Less than half of medications include specific labeling for children, which means pediatricians often must decide what is appropriate to prescribe based on their clinical judgment. In a revised policy statement, the American Academy of Pediatrics (AAP) offers guidance to physicians using drugs off-label.
The policy statement, “Off-Label Use of Drugs in Children,” published in the March 2014 Pediatrics (released online Feb. 24), updates a statement that was published in 2002 and reaffirmed in 2005.
“Pediatricians must prescribe drugs off-label, simply because an overwhelming number of critical drugs still have no information on the label for use in children,” said Kathleen Neville, MD, FAAP, lead author of the policy statement and chair of the AAP Committee on Drugs. “This is an even larger issue for special populations of children, including preterm infants and newborns, and in children with chronic or rare diseases.”
According to the AAP, a drug’s off-label status does not imply an improper or experimental use. Health care practitioners caring for children can make therapeutic decisions to use drugs off-label based on expert opinion or on evidence for the medication’s use in a different population.
The passage of the Best Pharmaceuticals for Children Act and the Pediatric Research Equity Act has resulted in more than 500 labeling changes, including expanded labeling that includes pediatric information. According to the AAP, the two laws are an “essential first step” in expanding the evidence on use of medications in children, but more work remains to ensure the best possible outcomes for children.

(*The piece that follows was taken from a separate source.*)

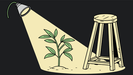Indoor plant grow light setup with stool illustration for gardening and home decor ideas and design inspiration
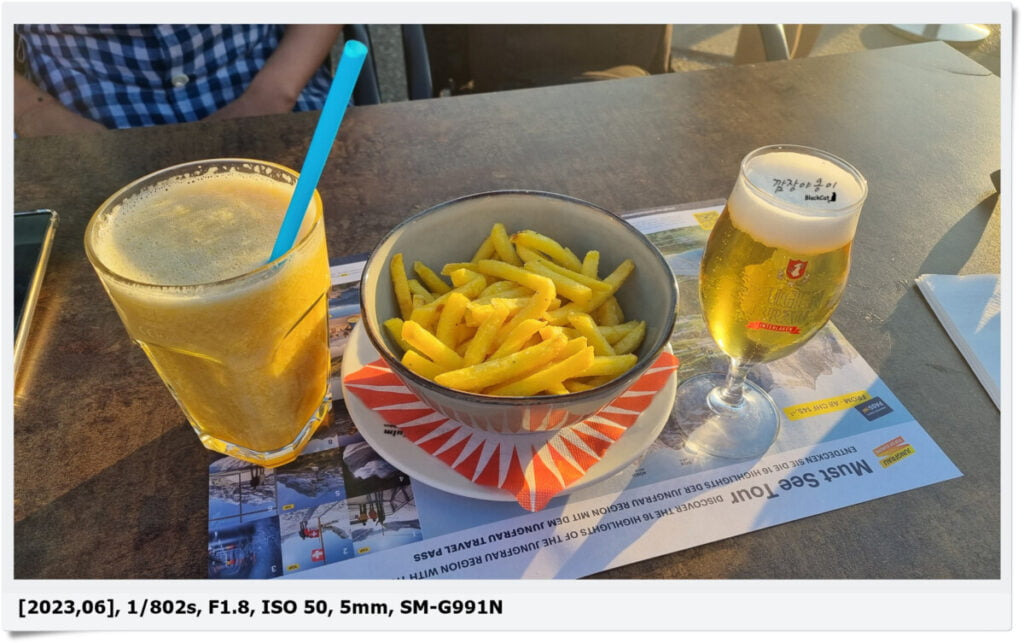 전망대에서 인터라켄을 내려다 보며 사진을 찍는 사이 식당에도 빈좌석이 났네요. 저는 맥주를 와이프는 망고주스를 한잔씩 주문해 잠시 여유를 즐겼는데요.

The AAP encourages pediatricians to advocate for research of drugs for children, and supports the publication of drug trials, including negative studies, in academic journals. The AAP also advises that health insurance companies should not use labeling status as the sole criterion to determine whether a medication is eligible to be reimbursed for use in children. Less expensive medications that are considered appropriate for adults should not be automatically considered as first-line treatment in children.